December 12, 2019
WINNIPEG - Manitoba Liberal Leader and MLA for St. Boniface Dougald Lamont issued a rebuttal to the Premier's "State of the Province" address, arguing the latest statistics show that the education, health, crime and the economy are all getting worse under the PC government.
"When you look at the results under this government, it's clear that things are getting worse, not better," said Lamont. "With $899-million in new federal transfers this year alone, Manitoba could have a balanced budget right now and we could be investing in improving health, education, and infrastructure."
Lamont said changes in federal transfers over the last ten years have had a colossal impact on the province's finances, both under the NDP and the PCs. For six years, federal transfers to Manitoba under the Harper Conservatives were either flat or dropping - resulting in deficits and higher debt for the province.
The PCs have been putting off balancing the budget, choosing to add billions in debt while borrowing with interest to pay for tax cuts.
Manitoba's Debt: is $3.59-billion higher today than it was when the PCs took office.
Unemployment: is up 0.3% to 5.6%. This is Manitoba's third-highest unemployment rate since 2000.
Manitoba has undergone two credit downgrades, resulting in higher interest rates for the province, Manitoba Hydro and municipalities. Since then, there has been no upgrades. Like PC governments in Alberta and Ontario, Manitoba's credit rating was downgraded because PCs overstated deficits.
Manitoba's much-touted lead in private investment is because investment elsewhere has tanked. The three major projects - food processing - are highly automated and may only create 300 full-time long-term jobs.
The PCs budgeting has been a bait-and-switch, where promised increases never materialize. Actual spending on health, education and infrastructure have been frozen since 2016. Since inflation is rising, this amounts to a cut.

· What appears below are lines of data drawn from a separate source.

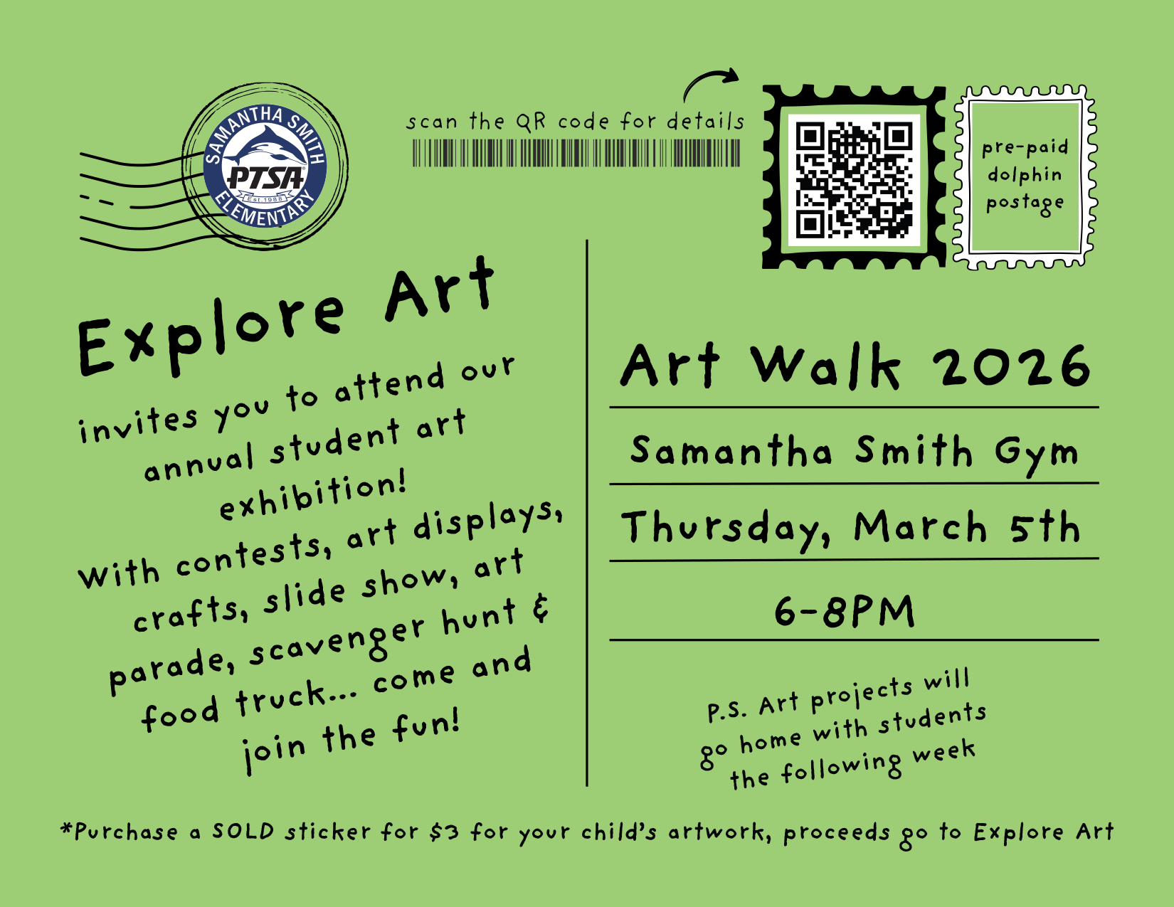 Join us on Thursday, March 5th from 6-8 PM in the Samantha Smith Gym for our annual Art Walk celebration!
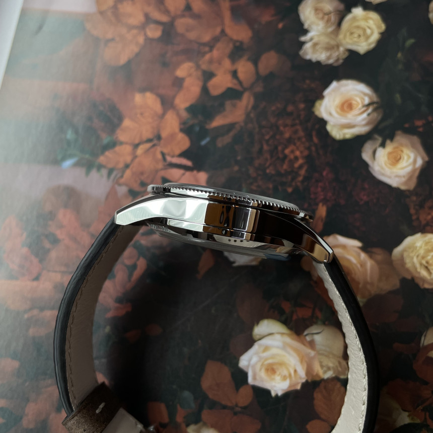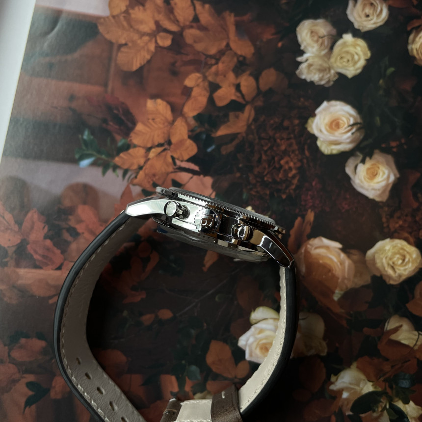 소재 : 스틸스트랩 : 브라운 송아지 가죽 / 핀버클무브먼트 : 칼리버 F388B 오토매틱
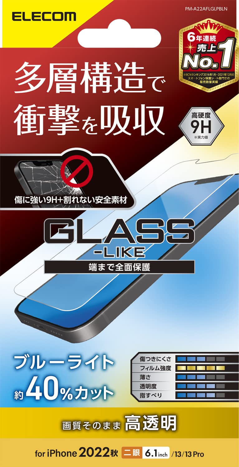 | ガラスのように美しい透明感を実現!割れに強く、ガラスと同じ高硬度9Hの衝撃吸収、ブルーライトカットタイプのiPhone 14、iPhone 13、iPhone 13 Pro用液晶保護フィルムです。 表面硬度9Hのハードコート加工により、フィルム表面の傷を防止します。 ※表面硬度は実力値です。 つやのある高透明タイプで、液晶画面を鮮やかに彩ります。 液晶ディスプレイが発する光の中の青い部分「ブルーライト」を約40%カットします。 ※ブルーライトは目の角膜や水晶体で吸収されずに網膜まで到達し、網膜の機能低下を引き起こす場合があると言われています... |
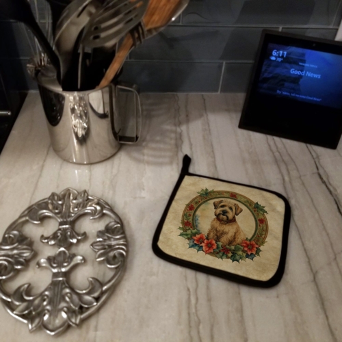 Wheaten Terrier Christmas Flowers Pair of Pot Holders
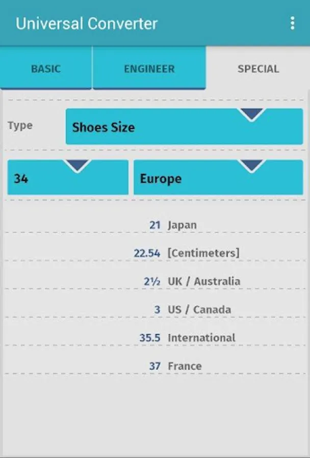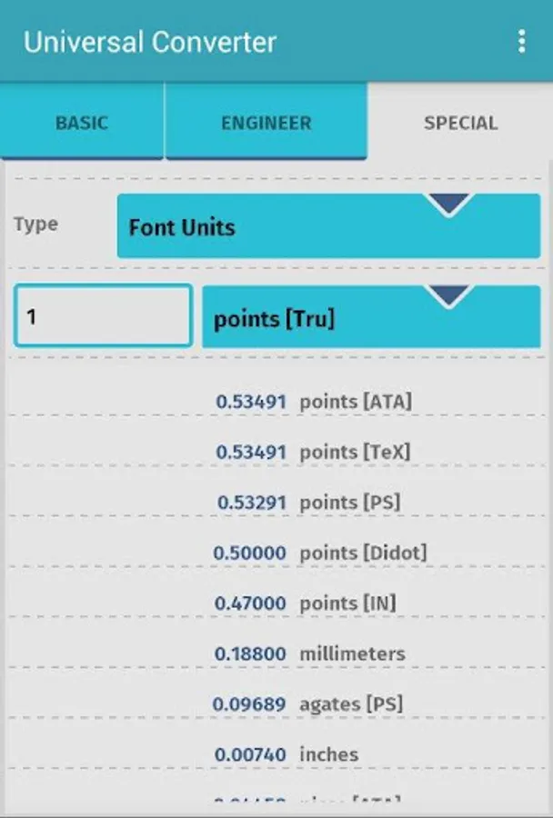 Universal Unit converter has an intuitive and simple UI and has more than 40 unit conversion categories.

Economic Development: The PCs still have no concrete economic plan, and no plan for improving access to capital for Manitoba businesses. Instead, they are relying on inflated figures of growth from reduced regulations.
Record Outmigration: Over 19,500 people left Manitoba in 2018-19, the largest number in decades. 10,351 moved to Manitoba, 19,597 left, for a net loss of 9,246.
Education: PISA scores show that student performance under the PCs is even worse than it was under the NDP - last in math and science and second last in reading.
Health Care: While the emphasis has been on ER wait times, the waits for cataracts, knee replacements and hip replacements have been getting steadily worse every year since 2015.
Crime: Manitoba's spike in crime is worse than any other province. The PC government cut funds to municipalities for police as well as mental health and addictions. It is one of the worst years ever for murder in Winnipeg, and property crimes have increased 79%.
Poverty: The number of people on EIA in Manitoba has been growing every year since 2008, and is now at nearly 75,000 - a record high. This is a sign there is something broken with our economy.
Economic Fragility: A year ago, surveys reported that half of Manitobans are $200 a month away from insolvency. A more recent survey shows they now have even less.
Housing: An IMF study suggests that Winnipeg's real estate market is in bubble territory and is among the most overvalued housing markets in Canada. It suggest housing in Winnipeg is 27% overvalued. Housing starts are slowing and a downturn in the market could mean that Manitoba's market is not resilient.
"The Pallister Government has squandered an opportunity to invest and build while receiving record-high transfers from the federal government," said Lamont. "When you look past the spin to the numbers, on everything from health to crime, we're seeing things get worse and it doesn't need to be this way."